Callahan v. Department of State Police

PRESIDING JUSTICE JIGANTI,

dissenting:

I respectfully dissent from the opinion of the majority because I believe that it was within the province of the Board to determine whether the plaintiff’s conduct amounted to a violation of the Department’s rule prohibiting insubordination.

The plaintiff was sent a letter informing him that his service-connected time off relating to an injury which occurred in 1984 was being discontinued as of August 1, 1985. The letter contained the name of a person the plaintiff could contact if he had any questions. Ten months later, without informing anyone, the plaintiff took additional service-connected time off relating to that injury. As a result, he was suspended for violating the Department’s rule against insubordination, which provides that “officers should promptly obey any lawful orders of a superior.” The majority examined the language of the letter and concluded that as a matter of law it did not constitute an order.

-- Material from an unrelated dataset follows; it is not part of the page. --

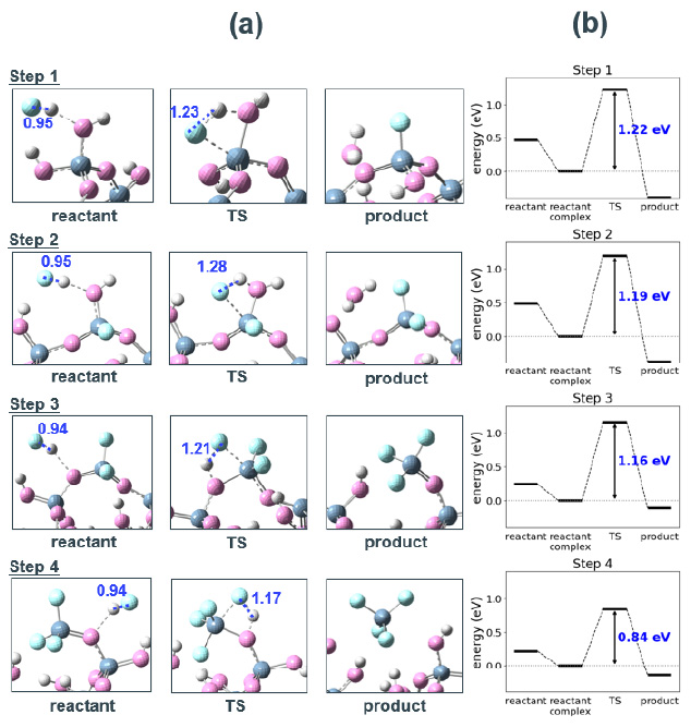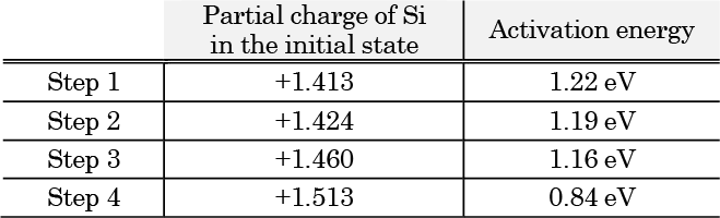 ここで、(SiO2)nはSiO2表面の構造を表し、この段階的な反応で1つのSiO2ユニットが完全にフッ素化されることを示している。各ステップの始状態では、HFはSi-OH基またはSi-O-SiのOに吸着し、安定化する。その後の遷移状態では、HFがSiにさらに近づくことでSi-O…H-Fの4員環が形成され、HFは引き伸ばされる。最終的にHとFは解離し、それぞれOへの移動とFへの求核が完了しSi-F結合が生成される。各ステップのエネルギーダイアグラムをFig. 3bに示す。Step 1が1.22 eVの活性化障壁を持つ律速反応であり、それ以降Fが配位するごとに活性化障壁は下がっていく。これはTable 1に示すように、電気陰性度の高いFがSiに配位するごとにSiの電荷密度が低くなり、新たなHFからの求核攻撃を容易に受けることが理由である。

It is true, as the majority asserts, that a reviewing court is not bound by an agency’s conclusion of law. However, administrative agencies are afforded substantial discretion by a reviewing court in construing and applying their own rules, and a court will interfere only where the agency’s interpretation is plainly erroneous. (Illinois Bell Telephone Co. v. Human Rights Comm’n (1989), 190 Ill. App. 3d 1036, 1047, 547 N.E.2d 499; Scheffki v. Board of Fire & Police Commissioners (1974), 23 Ill. App. 3d 971, 973, 320 N.E.2d 371.) In the context of disciplinary action taken by a police department, deference is accorded the agency because, as a part of the executive branch of government, it has both the responsibility and expertise in matters relating to the enforcement of standards which concern the maintenance of discipline and morale within the department. (Taylor v. Police Board (1978), 62 Ill. App. 3d 486, 489, 378 N.E.2d 1160.) A reviewing court’s only obligation is to determine whether the agency’s interpretation of its own rules has a reasonable basis in law. Taylor, 62 Ill. App. 3d 486, 376 N.E.2d 1160.

In the case at bar, I believe that it was within the Board’s power to determine whether the plaintiff’s conduct violated the rule prohibiting insubordination. As was stated in Zinser v. Board of Fire & Police Commissioners (1961), 28 Ill. App. 2d 435, 439, 172 N.E.2d 33, the absence of formal language is not in itself determinative of whether a particular communication constitutes an order. The need for discipline and obedience is inherent in the operation of a paramilitary organization such as the Illinois Department of State Police. CPhillips v. Hall (1983), 113 Ill. App. 3d 409, 419, 447 N.E.2d 418.) In light of that need, I believe that the Board should be accorded great deference in setting standards of acceptable conduct for Department personnel. In my view, the conclusion of the Board that the plaintiff’s conduct constituted insubordination has a reasonable basis in law and should not be overturned.